• _Exercise brief_: Please reproduce the lines of the records below from the one holding "錆・汚れ有 状態 良 |" through the one holding "limite di soglia.", inclusive, skipping all pictures.

[Records from a data source]
___

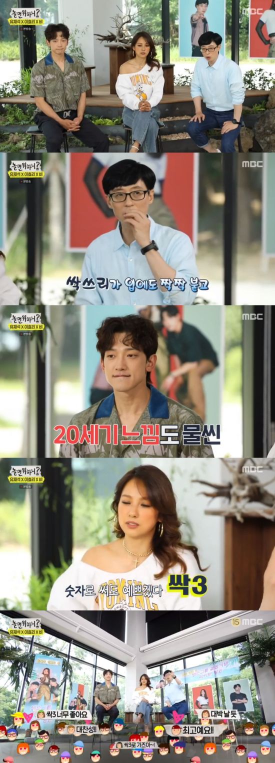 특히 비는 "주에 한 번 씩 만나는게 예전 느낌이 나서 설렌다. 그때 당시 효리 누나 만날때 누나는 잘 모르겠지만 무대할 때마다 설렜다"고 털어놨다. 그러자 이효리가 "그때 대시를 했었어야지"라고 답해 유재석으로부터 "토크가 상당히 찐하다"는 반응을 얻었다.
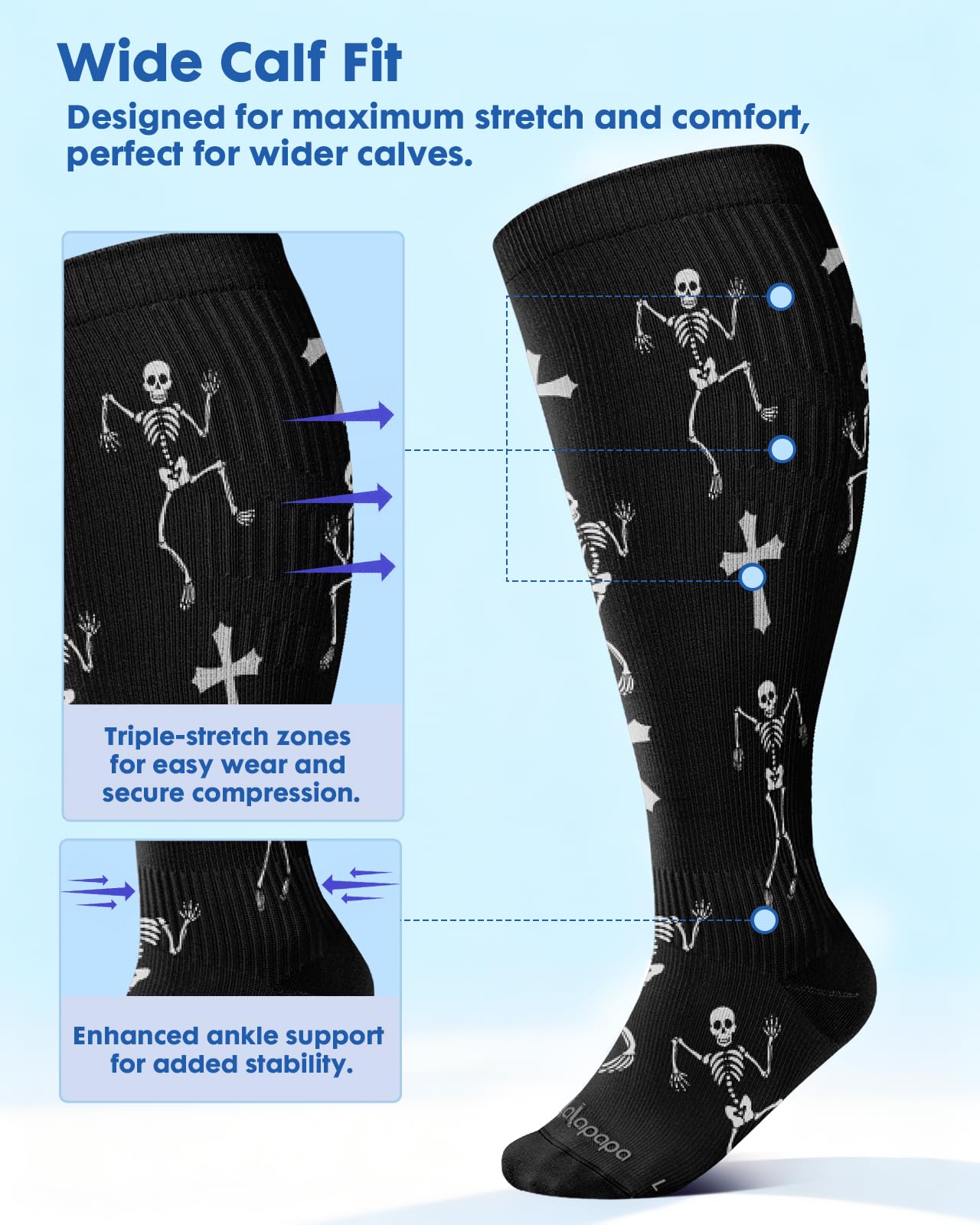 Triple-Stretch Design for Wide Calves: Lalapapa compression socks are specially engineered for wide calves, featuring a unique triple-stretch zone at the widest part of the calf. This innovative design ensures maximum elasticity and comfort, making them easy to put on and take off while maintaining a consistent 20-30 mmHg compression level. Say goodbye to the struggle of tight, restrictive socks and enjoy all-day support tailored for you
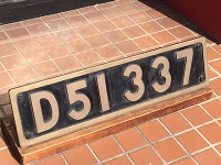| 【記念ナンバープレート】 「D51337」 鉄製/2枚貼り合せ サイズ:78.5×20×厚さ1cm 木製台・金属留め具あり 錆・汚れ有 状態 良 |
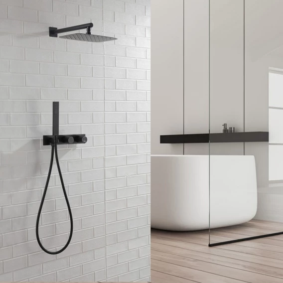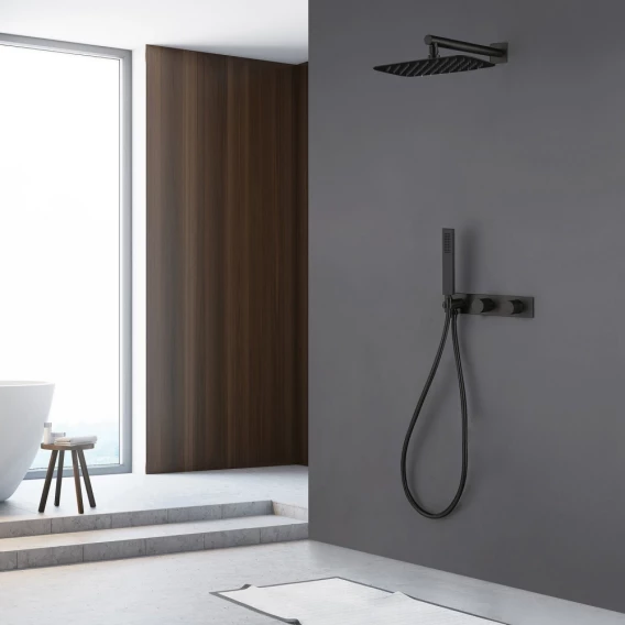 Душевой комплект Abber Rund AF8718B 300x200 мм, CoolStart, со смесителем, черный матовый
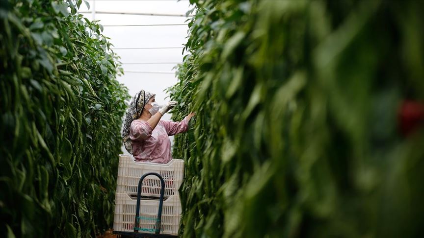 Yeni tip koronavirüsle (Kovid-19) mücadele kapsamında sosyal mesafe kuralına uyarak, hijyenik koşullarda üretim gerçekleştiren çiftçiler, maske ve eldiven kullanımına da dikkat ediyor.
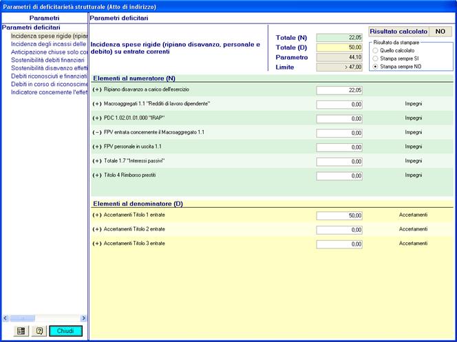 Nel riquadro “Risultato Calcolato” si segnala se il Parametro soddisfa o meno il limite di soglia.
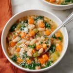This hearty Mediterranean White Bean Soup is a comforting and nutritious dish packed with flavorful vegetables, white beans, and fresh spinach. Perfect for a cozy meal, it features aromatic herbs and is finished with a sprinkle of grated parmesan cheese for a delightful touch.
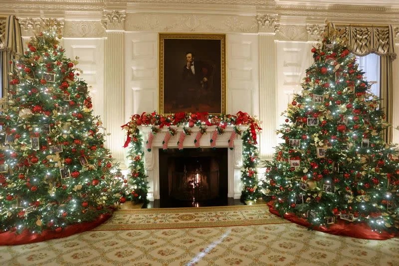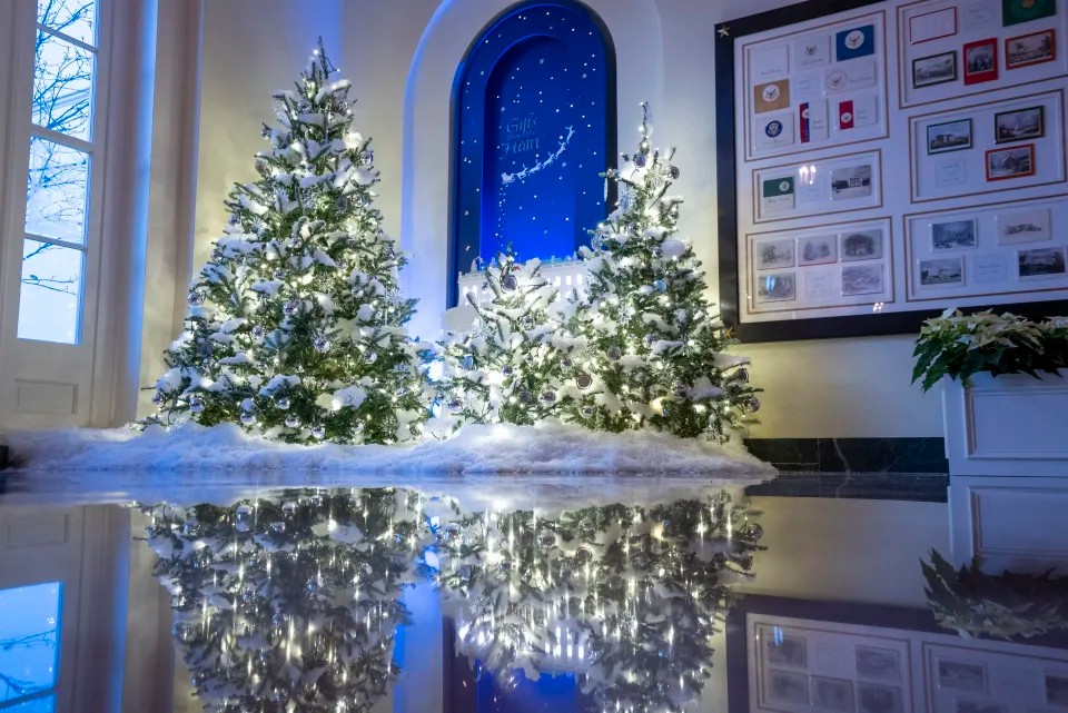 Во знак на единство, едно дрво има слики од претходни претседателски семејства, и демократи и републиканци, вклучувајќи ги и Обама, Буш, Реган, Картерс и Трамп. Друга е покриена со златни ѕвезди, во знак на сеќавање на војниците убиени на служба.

___

• _Answer for this exercise_:
| 【記念ナンバープレート】 「D51337」 鉄製/2枚貼り合せ サイズ:78.5×20×厚さ1cm 木製台・金属留め具あり 錆・汚れ有 状態 良 |
 Душевой комплект Abber Rund AF8718B 300x200 мм, CoolStart, со смесителем, черный матовый
 Yeni tip koronavirüsle (Kovid-19) mücadele kapsamında sosyal mesafe kuralına uyarak, hijyenik koşullarda üretim gerçekleştiren çiftçiler, maske ve eldiven kullanımına da dikkat ediyor.
 Nel riquadro “Risultato Calcolato” si segnala se il Parametro soddisfa o meno il limite di soglia.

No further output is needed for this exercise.